PROBLEM REQUIREMENTS:
Word for word, restate the lines from the one containing "Yellow short sleeves" through the last line of the material, and include no pictures.

DATASET CONTENT:
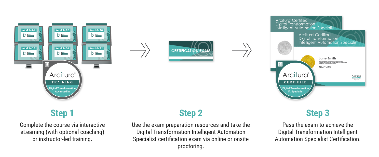 Complete the Digital Transformation: Advanced Intelligent Automation course and, optionally, get accredited as a Certified Digital Transformation Intelligent Automation Specialist by passing the certification exam. You can purchase the course now and get the exam later, or you can get them together at a discount as part of the Certification Bundle.
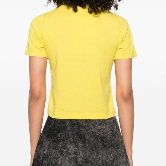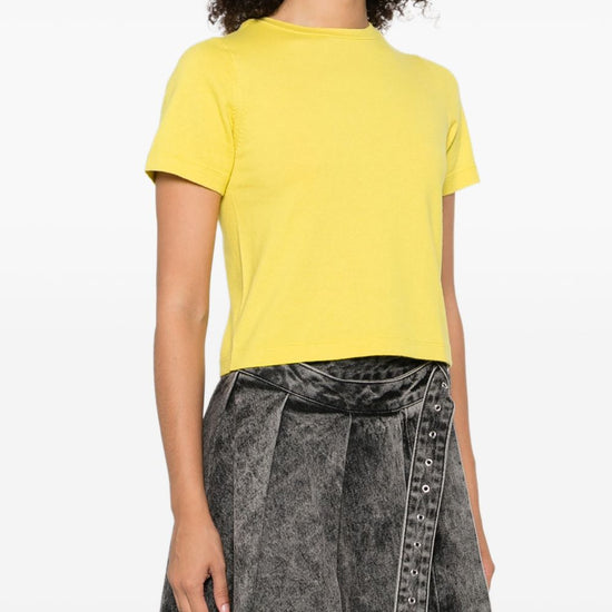 Yellow short sleeves crew neck straight hem cotton-cashmere blend cashmere t-shirt
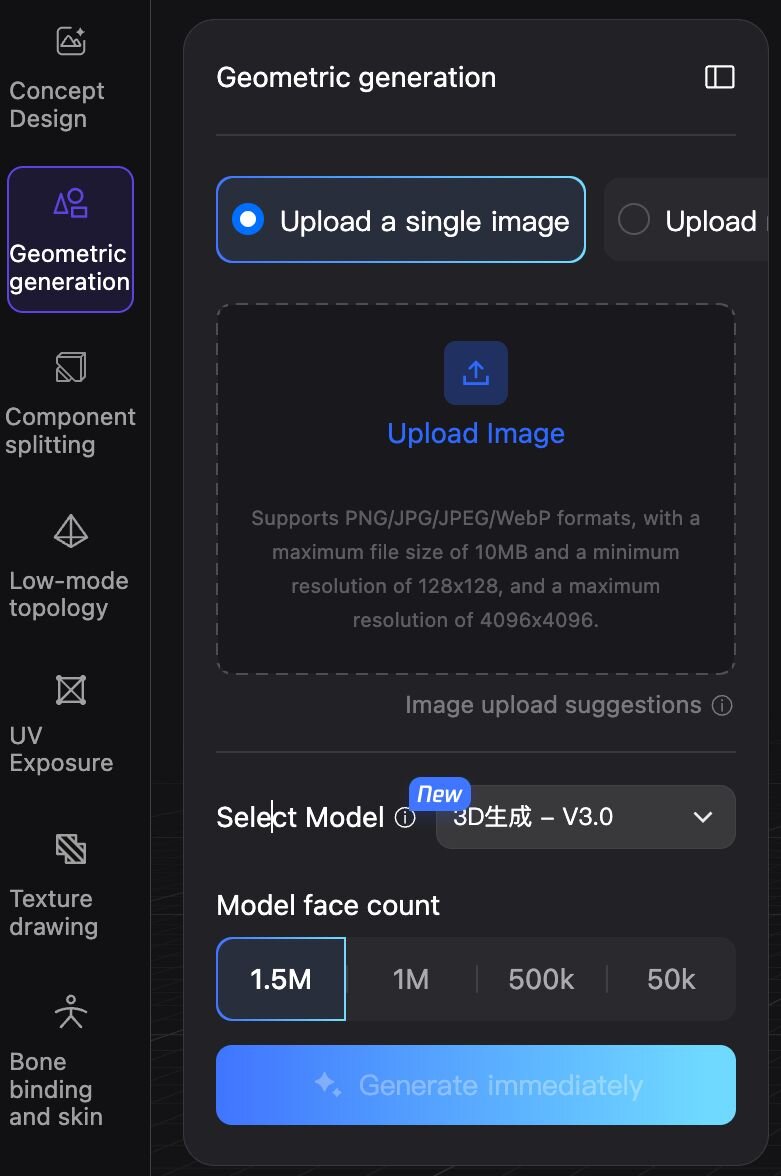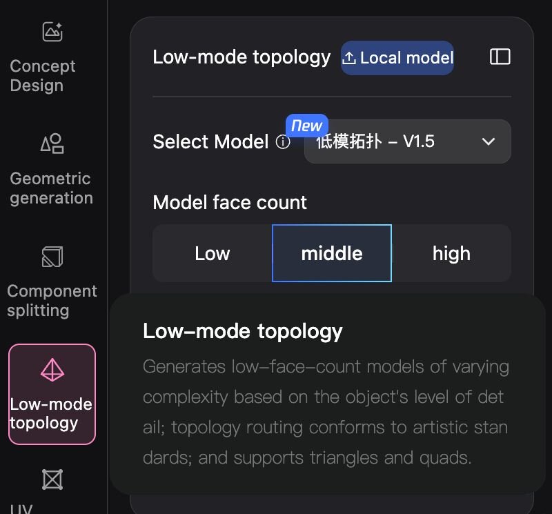 ・Flexible Output: PolyGen 1.5 supports both Quad and Triangular Topology, ensuring viability for both soft-surface and hard-surface models in professional pipelines.

EXERCISE OUTPUT:
 Yellow short sleeves crew neck straight hem cotton-cashmere blend cashmere t-shirt
 ・Flexible Output: PolyGen 1.5 supports both Quad and Triangular Topology, ensuring viability for both soft-surface and hard-surface models in professional pipelines.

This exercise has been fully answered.